There is one day that is still vivid in my memory.  It's the reason I'm wrighting this post.  My OB’s office was as far as a drive for me as it could be.  I would travel to the bottom of the canyon then continue to drive an additional 20 minutes to the hospital.  During this time in our lives Brent would ride a bus to downtown Denver to save on gas and parking costs.  He would drive his car 10 minutes to a bus stop, take a bus down the canyon then into downtown, ride a trax system 6 blocks then walk two blocks to his office.  There was only a morning bus and an evening bus.  On this particular day, I called to let Brent know I was going to a doctor’s appointment, and he asked if I could drive to downtown to pick him up because he would be finished with his work early.  In good traffic this would add an hour to my commute back home, but I loved the idea of Brent returning home with me instead of late at night like usual, so I set out to downtown.  About halfway there the traffic completely stopped.  Parker was full blown screaming at this point and there had to have been at least another two hours ahead of me.  I had no other choice but to cut across town and head back to the mountains without getting Brent.  By time I reached the mouth of the canyon, Parker’s screaming was still building momentum and I had a good 40 minutes ahead of me.  My nerves were absolutely shot and I was beginning to become unraveled.  All I wanted, dreamed of, and prayed for, was to move off that treacherous mountain.  It was so beautiful the first two years we lived there without children.  Even though the drive was long it was pleasant and peaceful.  But as soon as I had to drive back and forth with a stubborn, moody infant with his relentless screams in the back seat the drive was bondage. I didn’t even notice the beauty all around anymore.  It was like a chain was wrapping around me, suffocating and overwhelming me.   I felt a panicked anxiety in the center of my chest that was brewing into anger and I finally lost it. 

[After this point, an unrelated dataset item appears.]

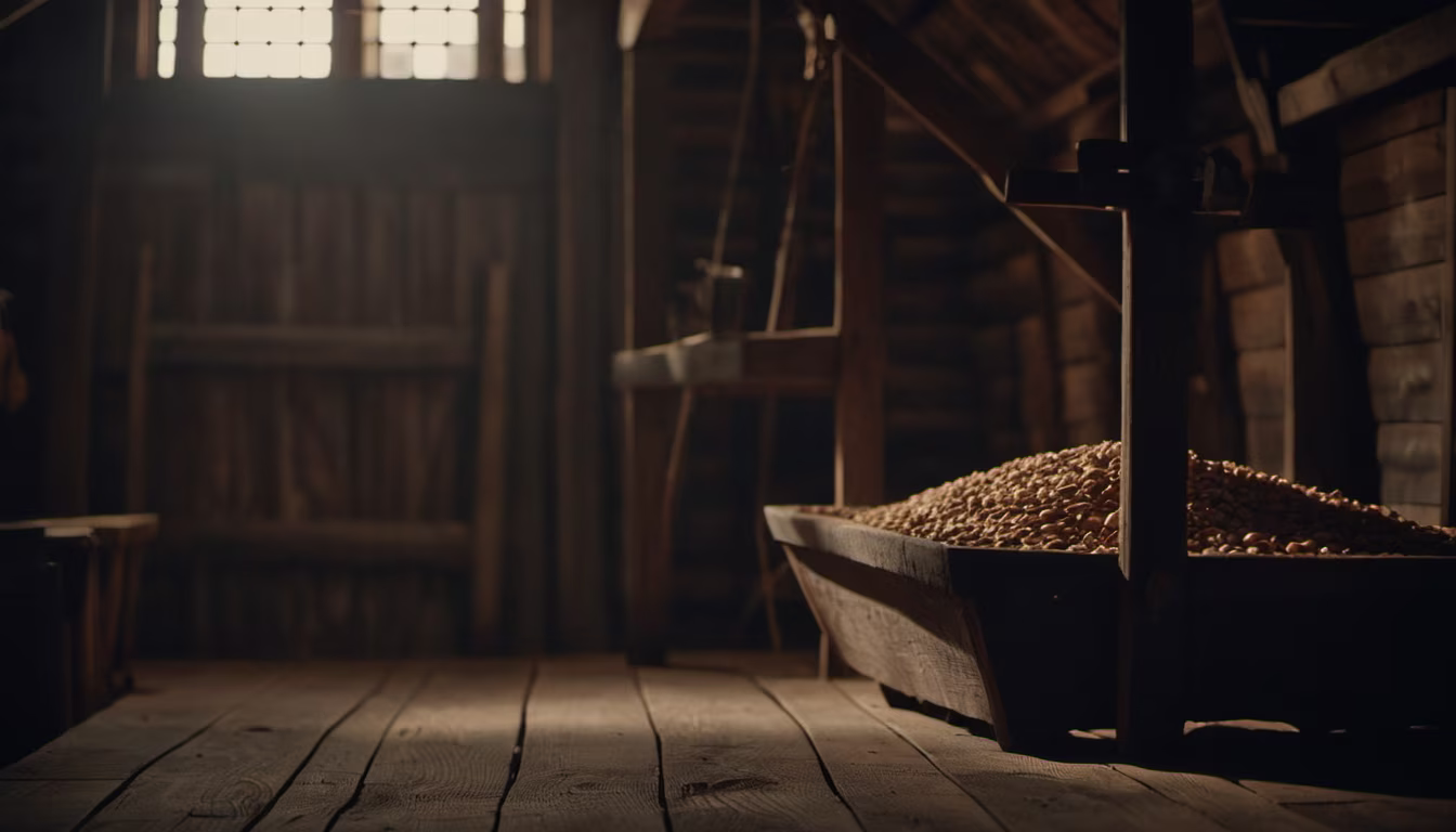 Prompt: 1584, Roanoke Island, old granary with little grain, a few grains rolling around on the floor, open granary, dark atmosphere.

                I started screaming at the top of my lungs and yelling at God.  We had always been so faithful to Him and this was unfair.  How could I have another child in that tiny condo that was only big enough for two?  We were about to become a family of four!  How could I add another screaming child to that drive and mentally survive it? How could we all be safe in the blizzards that plagued the mountain each winter?  How could I handle being so isolated and alone when life was so overwhelming, when I needed friends and support?  It all came out.  I had never lectured God before and my screaming and whaling only frightened Parker and made him cry louder.  I finally got to a point that I could breath instead of scream.  I waited a minute, forcing myself to calm down.  I began to pray again.  I asked for forgiveness then I asked for help to calm down.  I don’t know how it was possible to hear the whispering of the Holy Ghost in that crazed state of mind, but I felt prompted to turn on the local Christian station. The first words that came out of the radio were “I love you, I love you, I want you to know that I love you.  I’ll never let you go. No, no.  And I’ll be by your side where ever you fall.  In the dead of night whenever you call, please don’t fight these hands that are holding you.  My hands are holding you.”  I was stunned into silence. I began to weep. I wrapped my arms around the steering wheel as I slowly moved back and forth on the winding mountain road.  I don’t even remember hearing the crying any longer. Maybe Parker finally stopped, but it was just me and my Father in Heaven and He was telling me how much he loved me.   It was as if the steering wheel had become the chest of God for me to rest on and a peace settled upon me. 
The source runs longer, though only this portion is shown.